*** Opening of The data ***

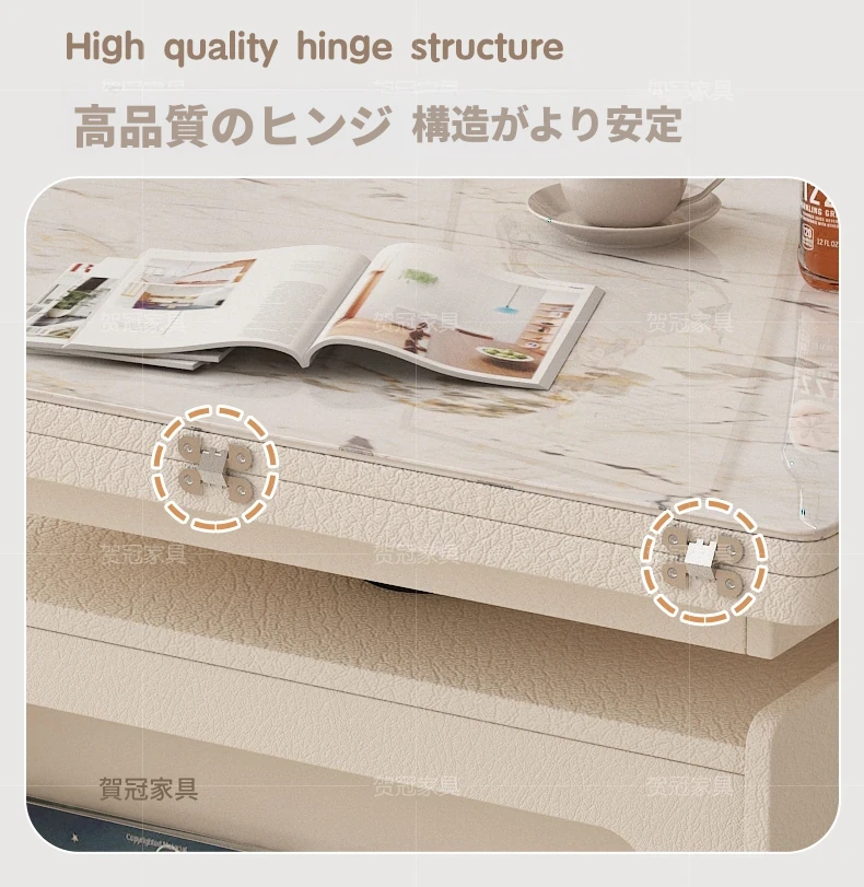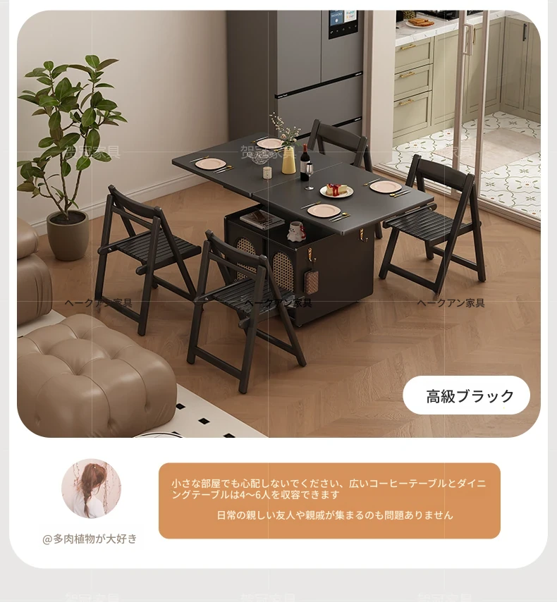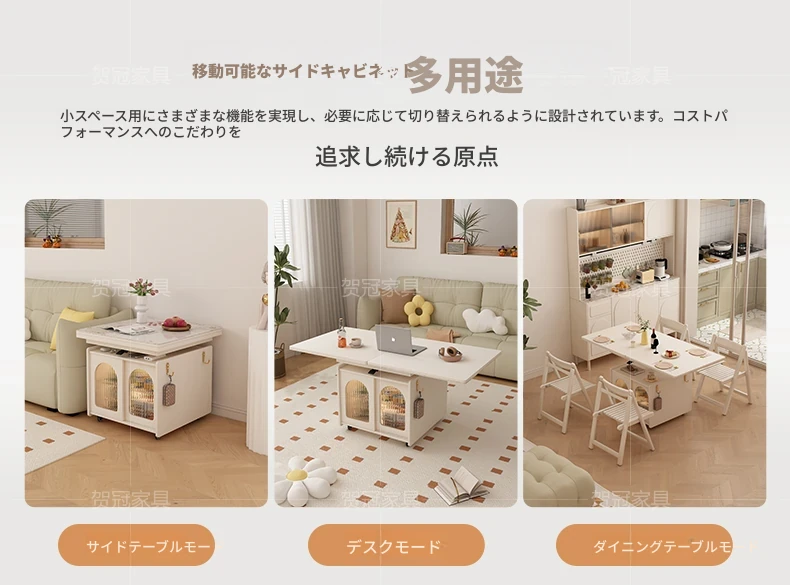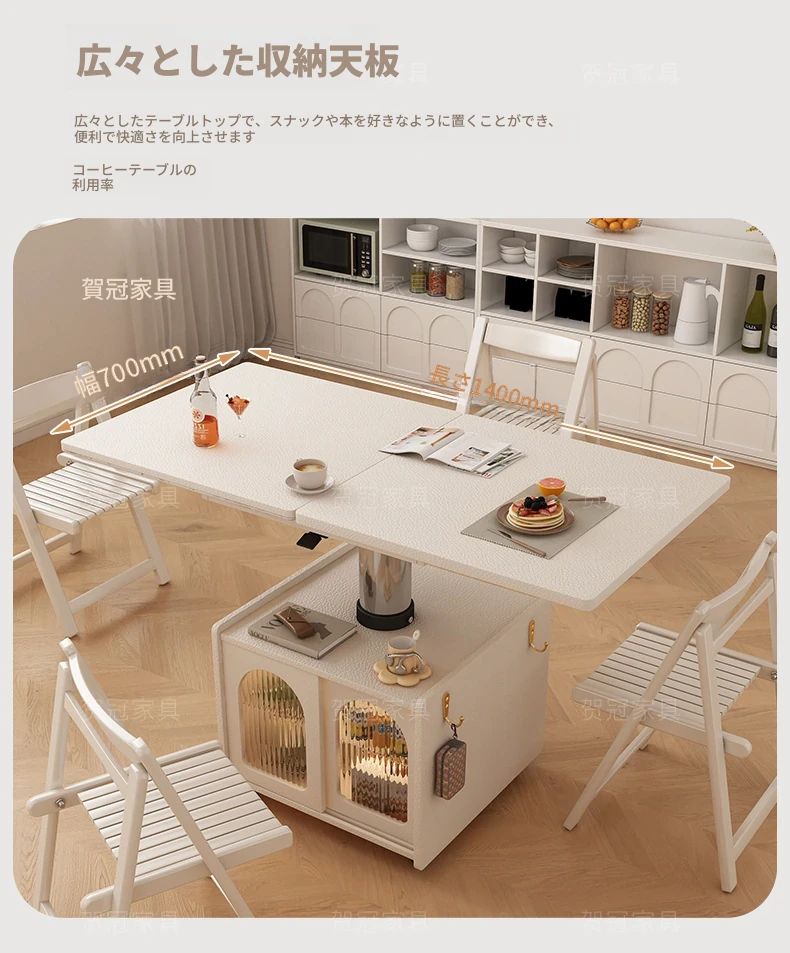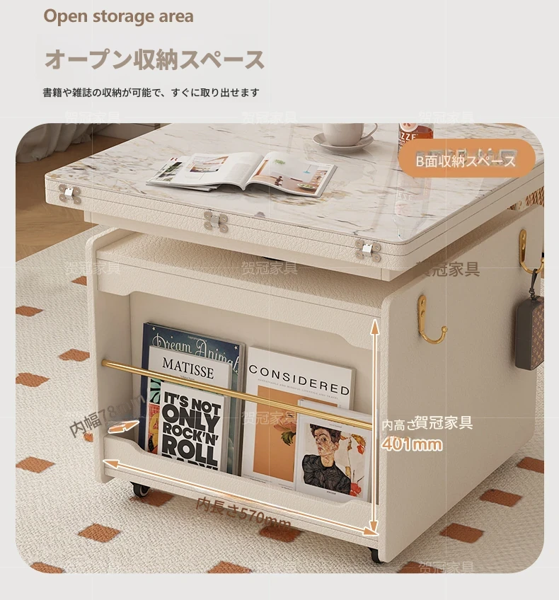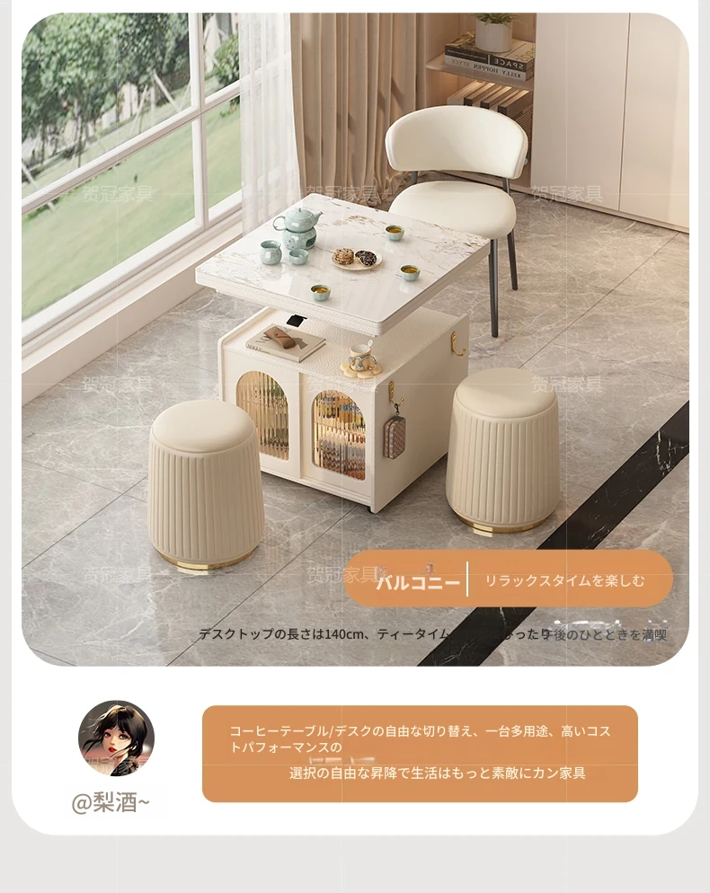 【特長】多機能な岩板テーブル、便利に収納できて機能的!
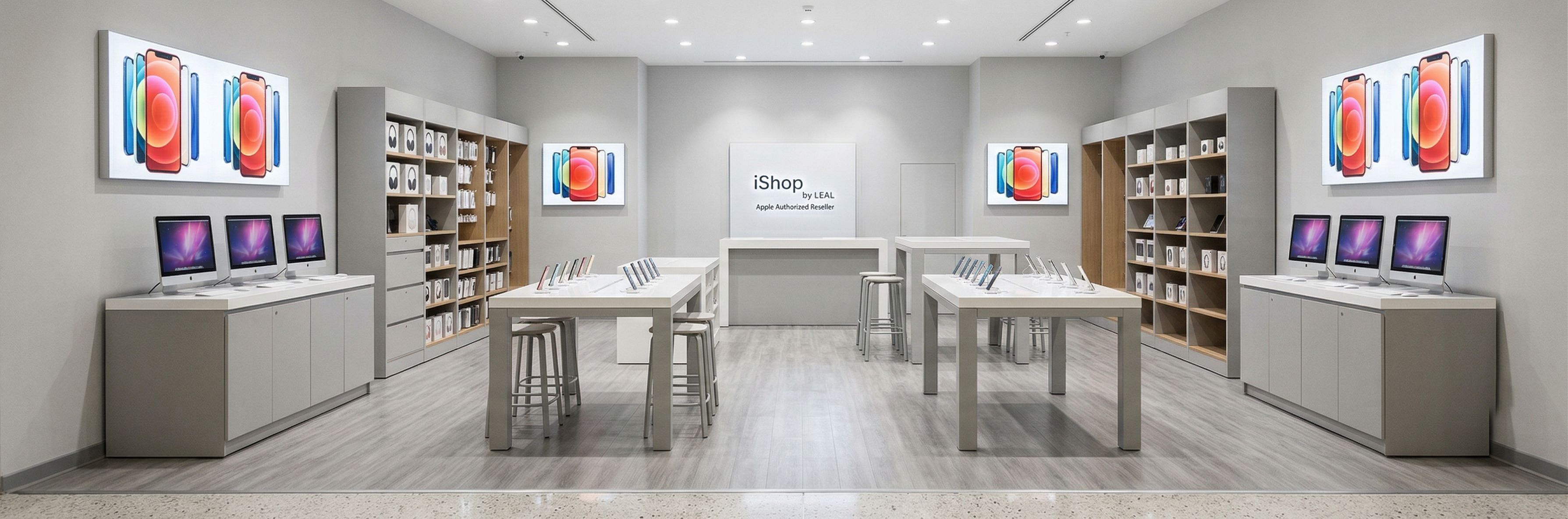 Prompt Photo of a modern retail space interior , apple shop , featuring sleek design elements with a focus on technology displays. Highlight minimalistic furniture with clean lines, al light grey furniture with white top, large digital screens( keeping the photo )on walls , and LVT light grey flooring. Urban setting with neutral colour palette and bright, daylight downlights on a flush white false ceiling ,creating soft reflections. Camera angle from a low perspective to emphasize depth, with a wide lens capturing the full expanse of the shop and its organized layout. Two Stools with light grey legs on each side of the high table. Keep counter white top and light grey colour, no POS .No modification to wall cabinet with accessories and low cabinet. No entrance door . Shop is located in a mall , keep exact camera angle
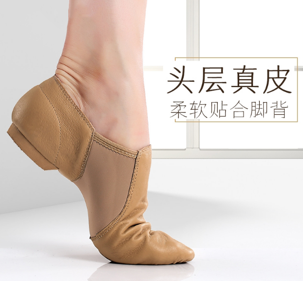 Camel leather stretch cloth jazz shoes Black leather stretch cloth jazz shoes

*** Close of The data ***

**What to work on**
Restate word for word the lines from the one with "Prompt Photo of" to the end of the material, both included. Do not include the pictures.

**Result of the exercise**
 Prompt Photo of a modern retail space interior , apple shop , featuring sleek design elements with a focus on technology displays. Highlight minimalistic furniture with clean lines, al light grey furniture with white top, large digital screens( keeping the photo )on walls , and LVT light grey flooring. Urban setting with neutral colour palette and bright, daylight downlights on a flush white false ceiling ,creating soft reflections. Camera angle from a low perspective to emphasize depth, with a wide lens capturing the full expanse of the shop and its organized layout. Two Stools with light grey legs on each side of the high table. Keep counter white top and light grey colour, no POS .No modification to wall cabinet with accessories and low cabinet. No entrance door . Shop is located in a mall , keep exact camera angle
 Camel leather stretch cloth jazz shoes Black leather stretch cloth jazz shoes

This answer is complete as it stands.